El desprecio hacia los mediocres
que se han acomodado en el elenco
porque tienen amantes
entre las autoridades.
Las gestiones de alcoba
(naturalmente)
Lo parece.
Pero él no es el dueño de ese Teatro.
Mientras tanto, en Dublín
suceden otras cosas.
Otras.
Algunas son trágicas.
Otras serán magníficas.
Otras, por fin, conducirán
a cierta personalidad
directamente a la gloria,
al trono de un premio inmortal.
A otro, de mayor talento,
no lo premiará la posteridad
más que a través de su obra magnífica.
No hay aires de familia
con todos los dublinenses.
Solo con unos pocos elegidos.
Indudablemente,
la vida no es equitativa.
Existen destinos dramáticos.
Pero les propongo
regresar a Londres.
William escribe
bajo su acacia.
Por entre el ramaje,
canta un mirlo.
Llega por fin la obra maestra.
Alguien camina
contra la tempestad
mientras pierde el juicio.
Ha debido repartir el reino
entre sus tres hijas.
Dos son astutas, como serpientes.
Tienen colmillos filosos.
Envenenados.
William cierra los folios. Guarda la tinta.
Se estira. Bebe un sorbo de su whisky.
Es tarde para seguir escribiendo.
Irrumpe el crepúsculo.

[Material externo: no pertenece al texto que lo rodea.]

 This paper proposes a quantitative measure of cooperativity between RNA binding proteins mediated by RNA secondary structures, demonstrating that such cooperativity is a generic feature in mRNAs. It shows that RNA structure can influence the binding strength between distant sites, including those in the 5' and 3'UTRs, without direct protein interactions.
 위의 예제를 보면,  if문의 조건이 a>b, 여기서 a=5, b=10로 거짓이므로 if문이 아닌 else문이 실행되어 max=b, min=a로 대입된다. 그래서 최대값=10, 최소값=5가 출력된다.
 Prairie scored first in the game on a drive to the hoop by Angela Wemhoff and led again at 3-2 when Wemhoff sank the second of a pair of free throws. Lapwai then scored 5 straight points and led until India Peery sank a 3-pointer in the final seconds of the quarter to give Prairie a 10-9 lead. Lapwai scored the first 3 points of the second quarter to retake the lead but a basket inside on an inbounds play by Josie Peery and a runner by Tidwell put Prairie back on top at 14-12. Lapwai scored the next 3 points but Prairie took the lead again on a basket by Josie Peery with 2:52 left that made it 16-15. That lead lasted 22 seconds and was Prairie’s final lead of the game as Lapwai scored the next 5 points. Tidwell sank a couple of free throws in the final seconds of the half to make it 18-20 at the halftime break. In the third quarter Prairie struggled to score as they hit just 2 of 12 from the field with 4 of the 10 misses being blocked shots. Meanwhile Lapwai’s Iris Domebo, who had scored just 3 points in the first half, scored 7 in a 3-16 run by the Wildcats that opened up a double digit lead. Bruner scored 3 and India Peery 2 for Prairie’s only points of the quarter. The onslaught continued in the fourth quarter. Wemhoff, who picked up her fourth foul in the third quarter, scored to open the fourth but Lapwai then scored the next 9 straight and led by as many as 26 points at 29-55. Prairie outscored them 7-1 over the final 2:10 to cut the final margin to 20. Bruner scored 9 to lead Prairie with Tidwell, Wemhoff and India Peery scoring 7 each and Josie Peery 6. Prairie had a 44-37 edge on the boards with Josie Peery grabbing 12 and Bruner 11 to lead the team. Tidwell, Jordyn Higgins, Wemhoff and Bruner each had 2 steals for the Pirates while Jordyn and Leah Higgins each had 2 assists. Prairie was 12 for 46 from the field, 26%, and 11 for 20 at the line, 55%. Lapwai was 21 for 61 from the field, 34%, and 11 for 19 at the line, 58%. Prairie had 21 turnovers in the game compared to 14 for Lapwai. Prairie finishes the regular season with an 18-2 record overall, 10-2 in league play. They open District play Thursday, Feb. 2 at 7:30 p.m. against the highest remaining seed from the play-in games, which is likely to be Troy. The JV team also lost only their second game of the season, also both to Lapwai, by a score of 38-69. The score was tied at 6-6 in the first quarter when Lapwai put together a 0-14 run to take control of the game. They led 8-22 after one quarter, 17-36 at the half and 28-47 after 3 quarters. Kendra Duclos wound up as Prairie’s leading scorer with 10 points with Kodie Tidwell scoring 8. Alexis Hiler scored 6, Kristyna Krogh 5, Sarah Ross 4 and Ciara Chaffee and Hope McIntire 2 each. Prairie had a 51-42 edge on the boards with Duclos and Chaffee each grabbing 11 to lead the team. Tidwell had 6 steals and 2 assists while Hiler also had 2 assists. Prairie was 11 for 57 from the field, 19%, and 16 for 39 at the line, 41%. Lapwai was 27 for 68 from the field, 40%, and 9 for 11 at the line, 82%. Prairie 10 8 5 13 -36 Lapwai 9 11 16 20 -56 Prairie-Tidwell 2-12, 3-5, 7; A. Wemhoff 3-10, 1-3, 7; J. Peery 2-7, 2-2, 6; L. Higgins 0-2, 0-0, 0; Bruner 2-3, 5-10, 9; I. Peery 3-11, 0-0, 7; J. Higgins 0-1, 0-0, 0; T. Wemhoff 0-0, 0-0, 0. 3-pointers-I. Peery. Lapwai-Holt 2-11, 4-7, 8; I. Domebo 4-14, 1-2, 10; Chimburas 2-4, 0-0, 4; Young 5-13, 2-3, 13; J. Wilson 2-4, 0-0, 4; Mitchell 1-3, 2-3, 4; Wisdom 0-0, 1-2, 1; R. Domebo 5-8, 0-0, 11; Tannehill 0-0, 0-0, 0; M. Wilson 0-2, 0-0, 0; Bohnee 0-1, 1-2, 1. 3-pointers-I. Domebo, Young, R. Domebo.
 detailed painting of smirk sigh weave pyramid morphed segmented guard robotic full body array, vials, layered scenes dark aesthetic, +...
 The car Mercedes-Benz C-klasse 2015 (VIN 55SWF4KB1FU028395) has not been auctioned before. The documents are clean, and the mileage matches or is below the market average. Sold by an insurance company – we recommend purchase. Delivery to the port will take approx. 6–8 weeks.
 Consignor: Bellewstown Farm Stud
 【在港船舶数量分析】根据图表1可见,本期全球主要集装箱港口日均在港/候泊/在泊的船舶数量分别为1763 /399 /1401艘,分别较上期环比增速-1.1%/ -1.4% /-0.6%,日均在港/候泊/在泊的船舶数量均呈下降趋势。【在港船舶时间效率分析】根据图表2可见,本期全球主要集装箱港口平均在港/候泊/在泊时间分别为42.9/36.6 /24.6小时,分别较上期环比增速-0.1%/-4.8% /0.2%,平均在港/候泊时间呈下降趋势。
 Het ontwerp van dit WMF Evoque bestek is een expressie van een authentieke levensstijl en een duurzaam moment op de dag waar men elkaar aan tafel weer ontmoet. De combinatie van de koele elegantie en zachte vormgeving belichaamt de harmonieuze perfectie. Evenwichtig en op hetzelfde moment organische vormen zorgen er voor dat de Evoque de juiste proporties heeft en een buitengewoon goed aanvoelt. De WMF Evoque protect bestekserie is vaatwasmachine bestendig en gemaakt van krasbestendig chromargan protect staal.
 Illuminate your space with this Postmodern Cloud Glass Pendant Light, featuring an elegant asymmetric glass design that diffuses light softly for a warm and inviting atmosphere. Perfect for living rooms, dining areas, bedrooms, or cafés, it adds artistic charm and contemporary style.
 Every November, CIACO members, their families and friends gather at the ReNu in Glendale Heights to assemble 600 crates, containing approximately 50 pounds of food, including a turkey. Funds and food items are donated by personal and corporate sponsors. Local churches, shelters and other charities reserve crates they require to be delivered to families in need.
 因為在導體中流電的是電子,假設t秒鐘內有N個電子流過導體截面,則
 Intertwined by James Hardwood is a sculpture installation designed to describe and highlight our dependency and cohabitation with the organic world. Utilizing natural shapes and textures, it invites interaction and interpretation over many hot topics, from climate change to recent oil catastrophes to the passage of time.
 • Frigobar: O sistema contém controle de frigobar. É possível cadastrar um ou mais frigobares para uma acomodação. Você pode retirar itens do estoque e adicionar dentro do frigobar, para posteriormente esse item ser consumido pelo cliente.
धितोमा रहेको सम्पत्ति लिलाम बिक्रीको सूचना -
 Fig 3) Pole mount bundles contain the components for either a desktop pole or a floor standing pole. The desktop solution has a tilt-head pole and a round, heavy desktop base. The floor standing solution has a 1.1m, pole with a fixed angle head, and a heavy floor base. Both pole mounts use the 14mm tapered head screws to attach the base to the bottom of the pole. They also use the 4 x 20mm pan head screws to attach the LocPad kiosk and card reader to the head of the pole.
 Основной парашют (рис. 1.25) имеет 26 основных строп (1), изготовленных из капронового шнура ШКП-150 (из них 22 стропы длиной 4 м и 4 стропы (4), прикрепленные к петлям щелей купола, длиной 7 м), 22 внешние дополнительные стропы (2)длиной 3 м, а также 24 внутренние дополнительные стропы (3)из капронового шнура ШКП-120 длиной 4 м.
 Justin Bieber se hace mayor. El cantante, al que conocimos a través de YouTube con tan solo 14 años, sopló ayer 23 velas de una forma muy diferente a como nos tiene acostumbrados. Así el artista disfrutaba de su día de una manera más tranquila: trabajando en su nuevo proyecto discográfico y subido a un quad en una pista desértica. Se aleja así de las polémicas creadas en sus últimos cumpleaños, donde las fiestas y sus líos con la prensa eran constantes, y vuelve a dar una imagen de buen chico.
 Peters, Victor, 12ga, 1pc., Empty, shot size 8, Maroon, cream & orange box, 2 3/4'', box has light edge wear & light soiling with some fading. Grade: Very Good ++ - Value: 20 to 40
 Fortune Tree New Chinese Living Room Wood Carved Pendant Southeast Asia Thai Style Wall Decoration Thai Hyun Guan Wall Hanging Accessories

Pasan unos minutos
en que William cierra los ojos
imaginando a la Dama Morena.
¡Miren! ¡Ya ha caído la noche!
Regresa a su casa paseando.
No sabe con quién dormirá.
Amantes no le faltan.
Ha hecho una gira
por algunas ciudades de Inglaterra
y recuerda
que los deleites que traía el atardecer
se prolongaban hasta bien entrada la mañana.
Casi olvidó en qué consistía dormir.
Numera los folios.
Escribe el título de la obra.
La tinta, obediente,
ha fijado sus palabras perennes.
“Ese obvio”, le dirá un lector ignorante.
Él no nació para juegos tramposos:
buscar títulos originales. Habráse visto.
El Cisne de Stratford-on-avon
cierra sus ojos.
Cae rendido.
Esta ha sido su mejor velada.
Sueña que está
acostado
en un contrapunto con la mesa de trabajo.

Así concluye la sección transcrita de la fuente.